First, we'll import `pandas` to load our csv files into DataFrames, and `matplotlib` to help us create data visualizations.

In [46]:
import pandas as pd
import numpy as np
import matplotlib.pyplot as plt

In [3]:
obs = pd.read_csv('observations.csv')
species = pd.read_csv('species_info.csv')

In [5]:
obs.head()

Unnamed: 0,scientific_name,park_name,observations
0,Vicia benghalensis,Great Smoky Mountains National Park,68
1,Neovison vison,Great Smoky Mountains National Park,77
2,Prunus subcordata,Yosemite National Park,138
3,Abutilon theophrasti,Bryce National Park,84
4,Githopsis specularioides,Great Smoky Mountains National Park,85


In [6]:
species.head()

Unnamed: 0,category,scientific_name,common_names,conservation_status
0,Mammal,Clethrionomys gapperi gapperi,Gapper's Red-Backed Vole,
1,Mammal,Bos bison,"American Bison, Bison",
2,Mammal,Bos taurus,"Aurochs, Aurochs, Domestic Cattle (Feral), Dom...",
3,Mammal,Ovis aries,"Domestic Sheep, Mouflon, Red Sheep, Sheep (Feral)",
4,Mammal,Cervus elaphus,Wapiti Or Elk,


It looks like our observations data contains a list of species, based on their scientific names, along with what National Park they were in and how many observations of this species occurred.

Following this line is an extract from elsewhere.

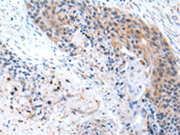 The image is immunohistochemistry of paraffin-embedded Human esophagus cancer tissue using P05614(CFC1 Antibody) at dilution 1/20. (Original magnification: ×200) |
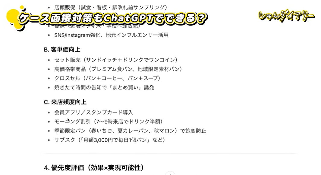 ✓ケース面接では、AIに模範回答を作らせて「思考プロセスの型」を盗む

The species info data also shares the scientific name category and has more information about that species, such as common name, conservation status, and 'category' showing whether it's a mammal, reptile, etc.

In [36]:
species.groupby('category').count()

Unnamed: 0_level_0,scientific_name,common_names,conservation_status
category,Unnamed: 1_level_1,Unnamed: 2_level_1,Unnamed: 3_level_1
Amphibian,80,80,7
Bird,521,521,79
Fish,127,127,11
Mammal,214,214,38
Nonvascular Plant,333,333,5
Reptile,79,79,5
Vascular Plant,4470,4470,46


In [39]:
species.scientific_name.count()

5824

In [38]:
len(pd.unique(species.scientific_name))

5541

In [42]:
species.drop_duplicates(inplace=True)
species.scientific_name.count()

5824

Since there are fewer unique scientific names for species than the total count, but there don't appear to be duplicate rows, I'm going to assume that there are some repeat names with different common names listed, as there are a ton of possible common names for each Latin name.

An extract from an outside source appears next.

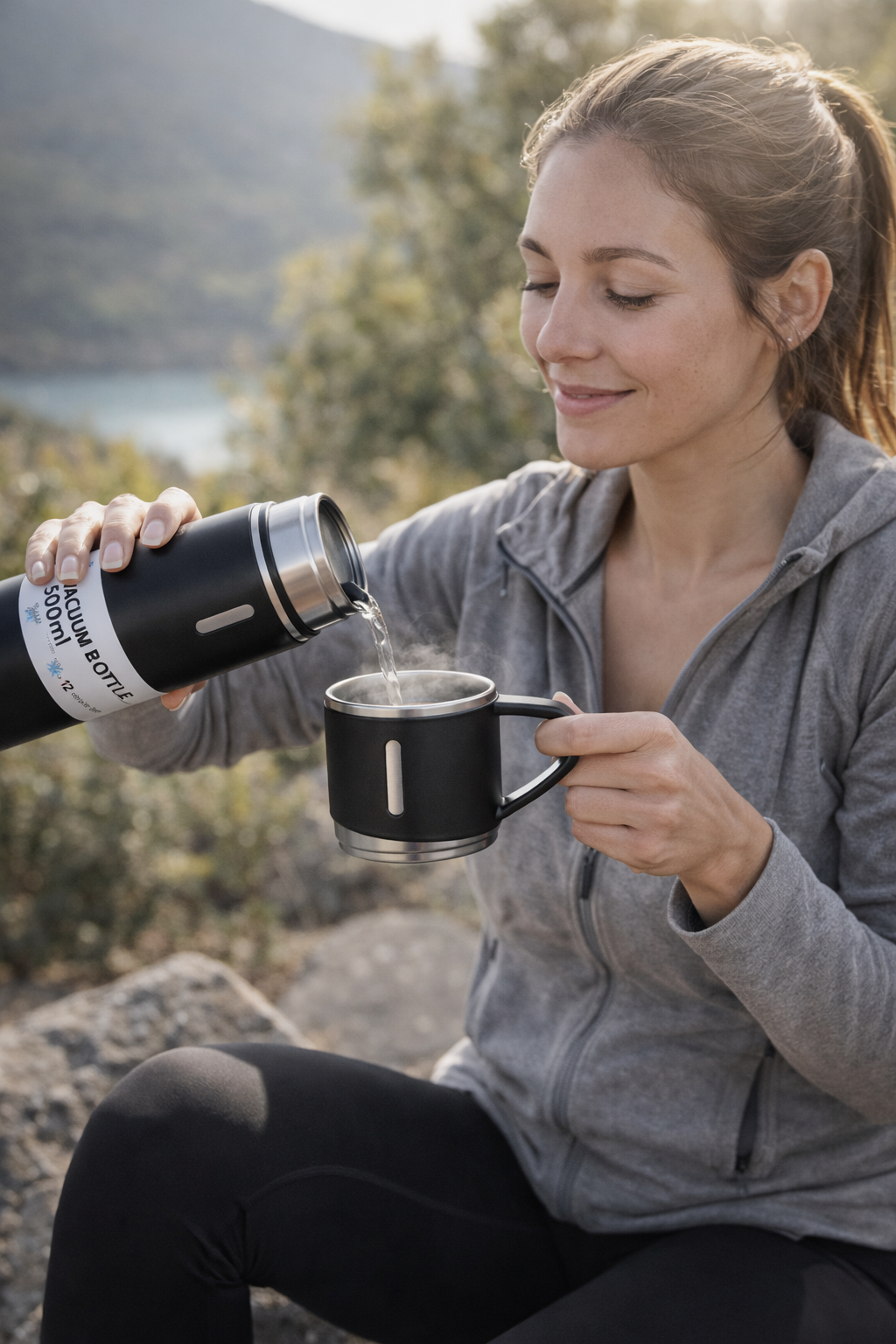 As 3 xícaras incluídas no conjunto tornam ainda mais conveniente o compartilhamento de suas bebidas com amigos e familiares, criando momentos memoráveis em cada gole. Além disso, a tampa hermética assegura que você possa transportar sua garrafa com tranquilidade, sem riscos de vazamentos indesejados no seu carro, bolsa ou mochila.

The species data is highly representative of vascular plants, and much less representative of other categories, especially reptiles and amphibians. We can also see that there only 'missing data' is under conservation_status and it seems safe to assume that missing data here means that their population is not considered threatened. We'll check what values exist for conservation_status.

In [12]:
species.groupby('conservation_status').count()

Unnamed: 0_level_0,category,scientific_name,common_names
conservation_status,Unnamed: 1_level_1,Unnamed: 2_level_1,Unnamed: 3_level_1
Endangered,16,16,16
In Recovery,4,4,4
Species of Concern,161,161,161
Threatened,10,10,10


Now I'd like to get some data about the observations, such as how many data points there are, how species repeat across parks, etc.

In [14]:
obs.count()

scientific_name    23296
park_name          23296
observations       23296
dtype: int64

In [34]:
len(pd.unique(obs.scientific_name))

5541

Above, we were able to see that there are 5824 species in our species_info data, but only 5541 unique species observed in our observations. This lines up with the number of unique scientific names in our species_info data.